> [MATERIAL PROVIDED]
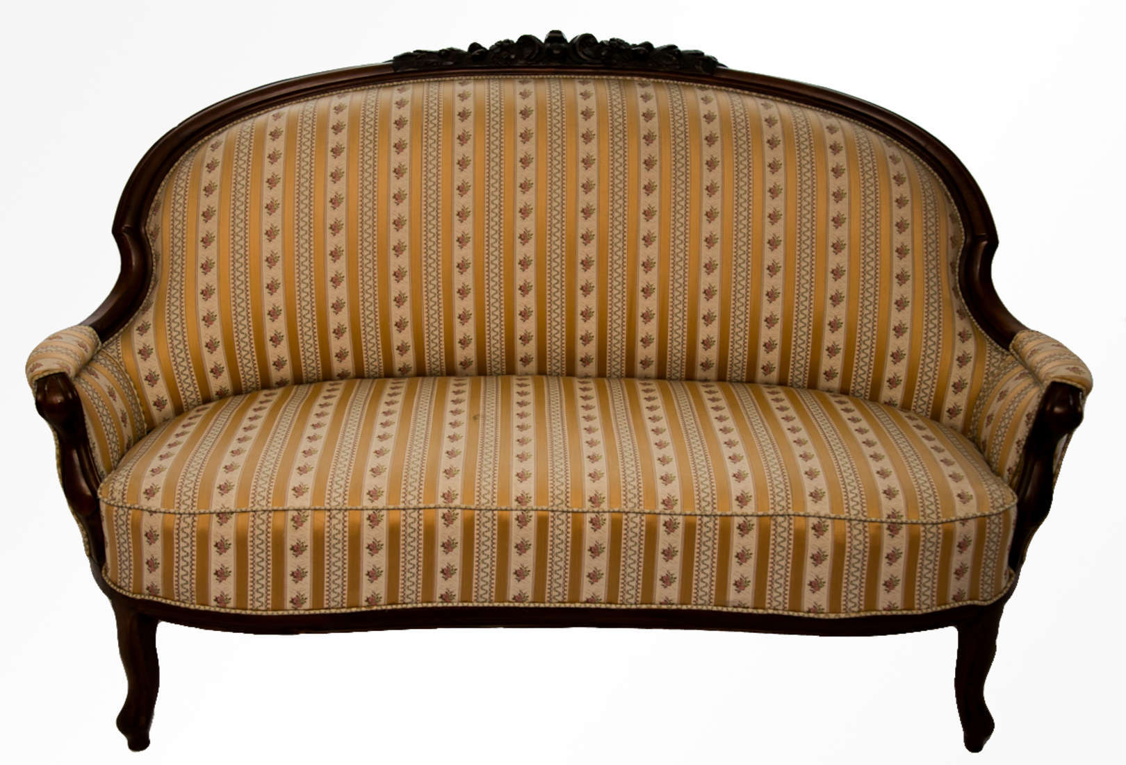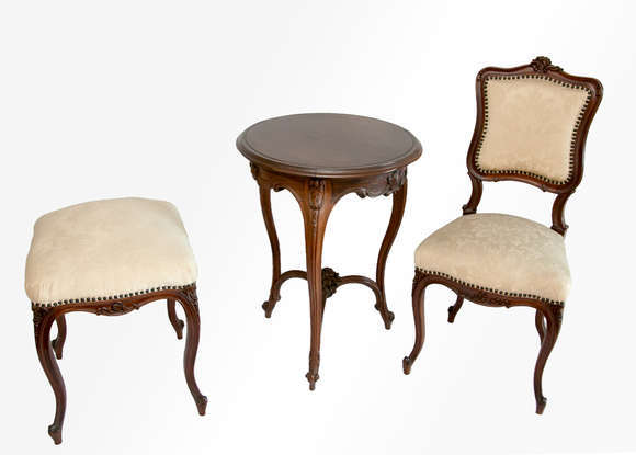 Conjunto composto de duas cadeiras, dois mochos, estofados em tecido, e uma mesa redonda em estilo neorrococó. Reint...
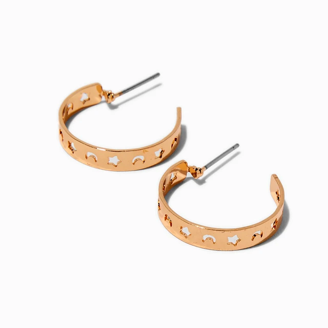 Gold-tone Moon & Stars Cut-Out Half Hoop Earrings
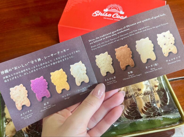 アソート8枚入りは、「オリジナル」「紅芋」「マンゴー」「シークヮーサー」「さんぴん茶」「黒糖」「まーす(沖縄の塩)」「チョコチップ」の全8種類の味を1枚ずつ楽しめる贅沢なセット。

> [WHAT IS BEING ASKED]
Please copy the data above exactly, omitting the pictures.

> [OUTPUT OF THE TASK]
 Conjunto composto de duas cadeiras, dois mochos, estofados em tecido, e uma mesa redonda em estilo neorrococó. Reint...
 Gold-tone Moon & Stars Cut-Out Half Hoop Earrings
 アソート8枚入りは、「オリジナル」「紅芋」「マンゴー」「シークヮーサー」「さんぴん茶」「黒糖」「まーす(沖縄の塩)」「チョコチップ」の全8種類の味を1枚ずつ楽しめる贅沢なセット。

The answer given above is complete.